Insidious- The Last Key

James Wan has devoted himself with skill and wisdom to revisit the commonplace of horror by trying to modernize them and give them a contemporary aesthetic. The work done with Saw – The enigmatic was remarkable for the innovation made to a sneak – that on serial killers – at that point really exhausted for the super exploitation it had been subjected to. The ingenuity of the plots and the push towards the limit – and beyond – of the cruelty shown and exhibited have created a huge success that has generated many imitators, more than sometimes with little merit (but this is not Wan’s fault) . The same approach, Wan attempted it without any particular success with Dead Silence, revision of the diabolical puppet movies, and the brutal Death Sentence, raw and quite unresolved. But these false steps were just part of an aging process that led to the creation of two new successful franchises, the one of Insidious and the one generated by The Evocation – The Conjuring (with the other spin-off series , Annabelle). Both of them devote themselves, from different points of view, to the exploration of so-called “institutional” themes of supernatural horror, with haunted houses and evil spirits in evidence.
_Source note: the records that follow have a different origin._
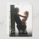 Cette photo de carte de changement de date de mariage moderne présente une photo saignante recouverte d'un script changeant la date au-dessus de vos noms et message en texte blanc.
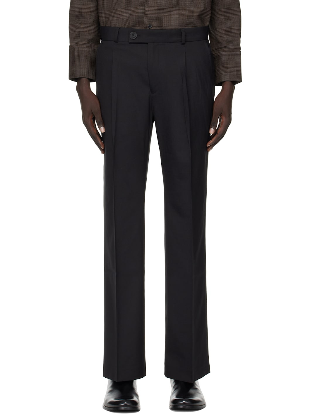 Black Pleated Straight Fit Trousers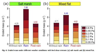沉積物可蝕性:降雨條件下,沉積物可蝕性顯著增加,總侵蝕質(zhì)量比無(wú)雨條件高37-86%,表明降雨擾動(dòng)了表層沉積物。雨后,高可蝕性沉積物被移除,侵蝕質(zhì)量減少。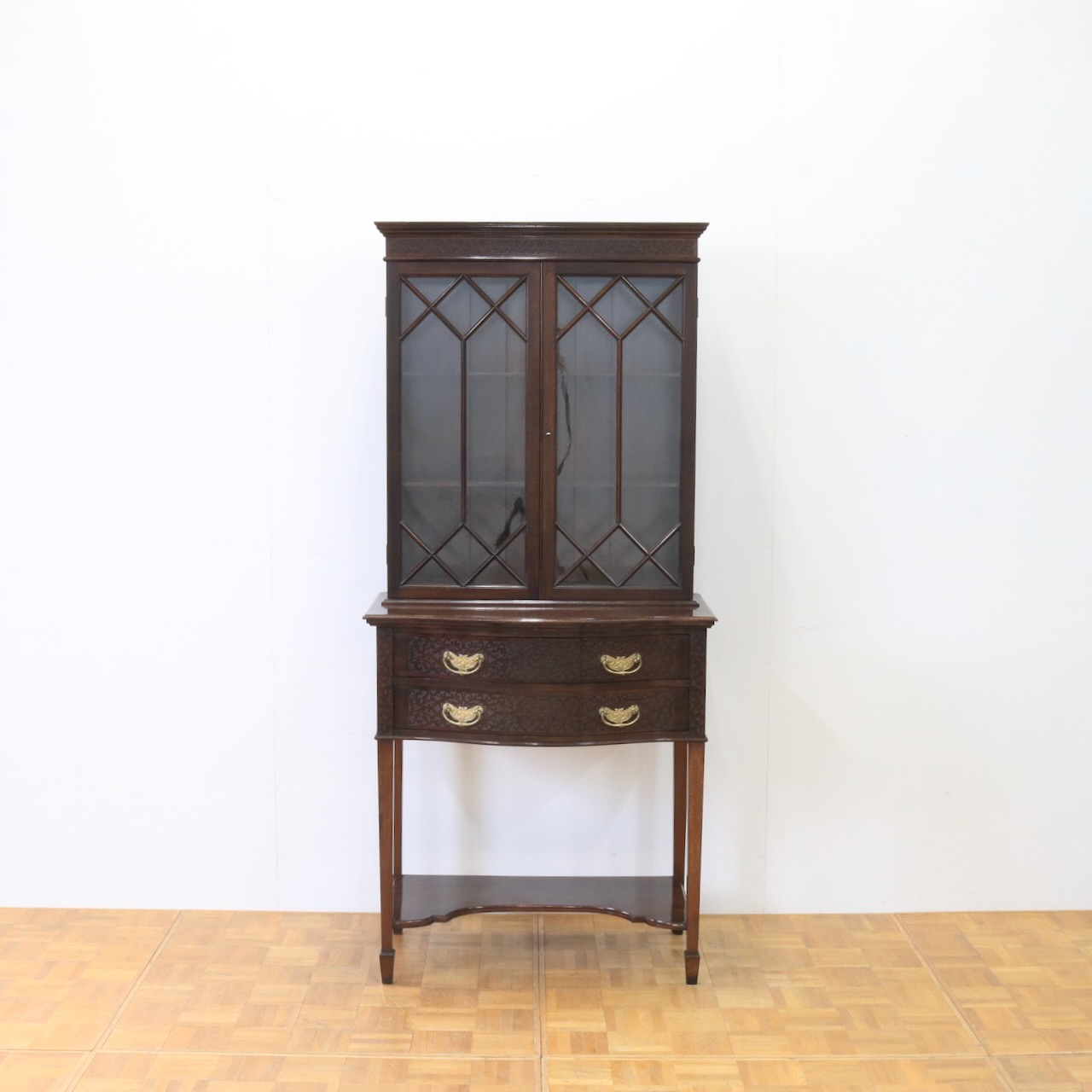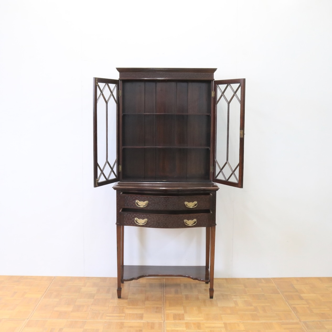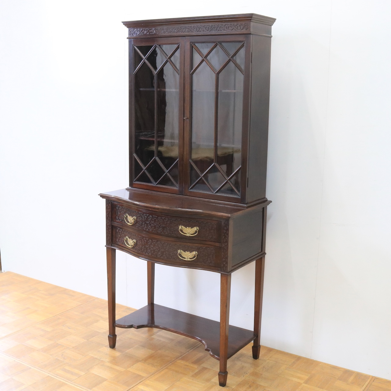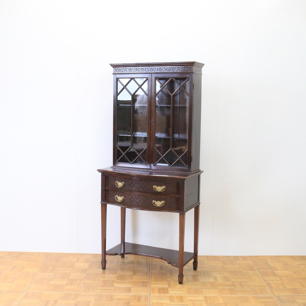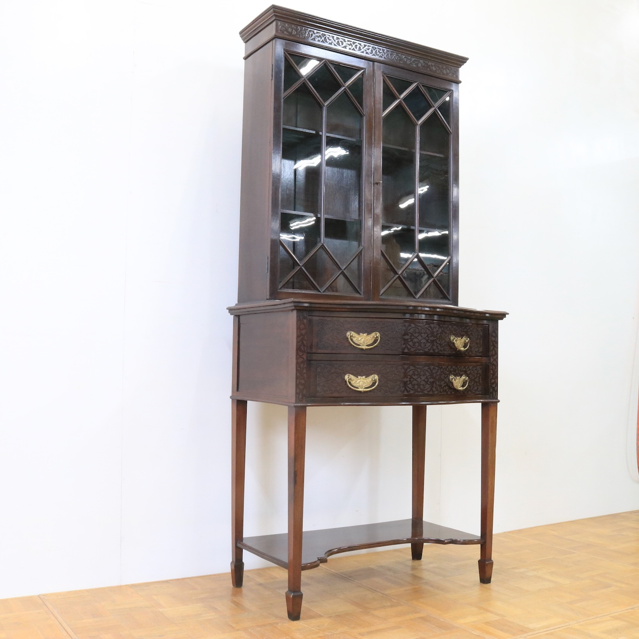 上部や引き出し周りに施されたフレットワークによる装飾が圧巻のクオリティです。美しさは勿論、下段にも収納があり実用面にも優れたアンティークキャビネットです。

Insidious, created by Wan along with her usual collaborator Leigh Whannell (with whom she also created the series open by Saw – The Enigmist) resumes elements from old and recent movies to rework them in a unitary way through efficient story management aimed at enhancing the horrible and macabre aspects of history, treating them with seriousness and plausibility.
Creating a fictional tetris for a far less desirable addition also adds a particular and fascinating visual value to the story. Wan’s excellence is above all to take seriously the subject matter and make it narrative in terms of suspense and tension, without particular psychological insights, but giving humanity and credibility to his characters, which is not common in horrors. Thus, the insights from Paranormal Activity, Poltergeist – Diabolic Attendances and others still coagulate effectively in the unethical, but elegant and functional style of Wan. This ability to give the characters and their dramas a great deal of weight, so that the spectator participates in it, perpetuates even in followers who, unlike what often happens, carry the story more than merely repeating it, present no value falls and form a single corpus of a good standard, though without particular points of excellence. The real problem could be represented by the fact that the most interesting character – the beloved medium Elise Rainier – dies at the end of the first film, but it can not obviously be missing in the sequels. This was partly true in Saw’s saga, where the killer with the arrogance and cruelty of the dead mania was always given to sick and dying, but he had to survive. In that case, it was probably the unstoppable and long-lasting success of the series to force authors to miracles of continuity to ensure somehow the presence of the dying killer (and then even dead).